Interdisciplinary simulation aimed at helping students go beyond their field of study

Feb 09, 2021
health and education

A new simulation program will soon be available for Newman University students combining four different discipline areas.

The social work program is teaming up with the occupational therapy assistant (OTA) program, nursing and the School of Education to bring students a new experience that will help build collaboration skills and interdisciplinary knowledge.

Modeled after simulation programs at other universities, the Newman program will help students from each discipline learn more about the other disciplines and how their fields can intersect, said Jennifer Jones, Wichita Master of Social Work program coordinator.

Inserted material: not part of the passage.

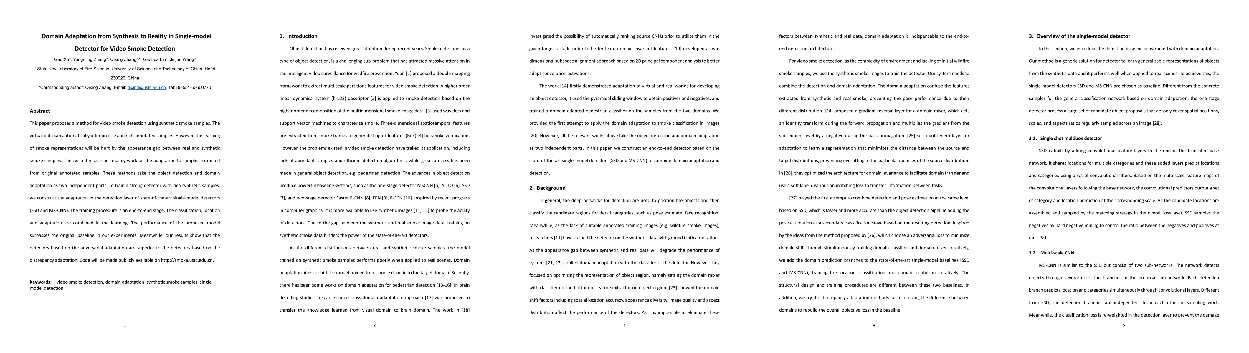 This paper introduces a method for video smoke detection using synthetic data, addressing the domain adaptation challenge between synthetic and real smoke samples. The proposed end-to-end training integrates classification, location, and domain adaptation, outperforming baseline models and demonstrating the effectiveness of adversarial adaptation over discrepancy adaptation.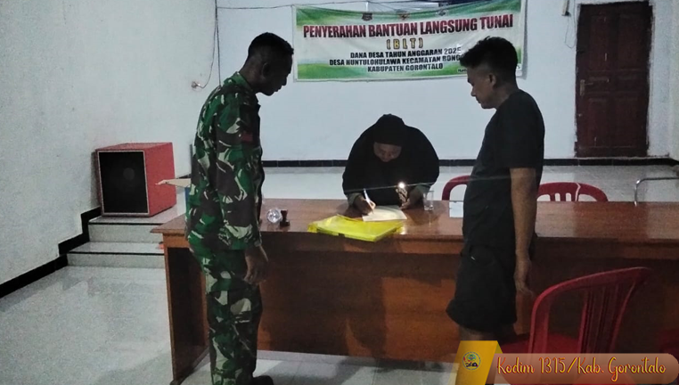 Kegiatan pendistribusian ini juga dihadiri oleh unsur pemerintahan desa yang turut berperan aktif, antara lain Supardi Dehi selaku Kepala Desa Huntulohulawa, Santi Lasena sebagai Kepala Seksi Kesejahteraan, serta Amrin S. Gagulu yang menjabat sebagai Bendahara Desa. Kolaborasi antara Babinsa dan aparat desa menciptakan sinergi yang solid demi terselenggaranya program bantuan pangan dengan tertib dan tepat sasaran.

OTA instructor Melissa Smith had reached out to Jones to ask if they did any types of simulation lessons. The social work program has been involved in simulations with the University of Kansas School of Medicine-Wichita, but Smith and Jones decided they could create a simulation program using disciplines at Newman.

For example, Jones explained, “OTA can be in the school system, and with social work, professionals will often work with a teacher, an administrator or a school nurse. And so, we just kind of put it all together.”

Jones and Smith introduced the idea to Assistant Professor of Education Janet Jump and Assistant Professor of Nursing Amelia Hopper who were both very excited about the prospect of intermixing their students within other disciplines.

The program’s two-hour trial run is set for April 8, with plans to conduct the program once per semester after that.

During the simulation, a student representative from each discipline will talk about what they do and what they are learning. Then students will be divided into sections, or tables, with each discipline being represented in each group. The groups will be given a patient or client scenario and will work together to find a solution.

Jones said, “The goal is for them to learn from each other. It’s just a great way for them to collaborate because when they do get real jobs out in the field, they will always be collaborating with different disciplines for the benefit of the client or patient.”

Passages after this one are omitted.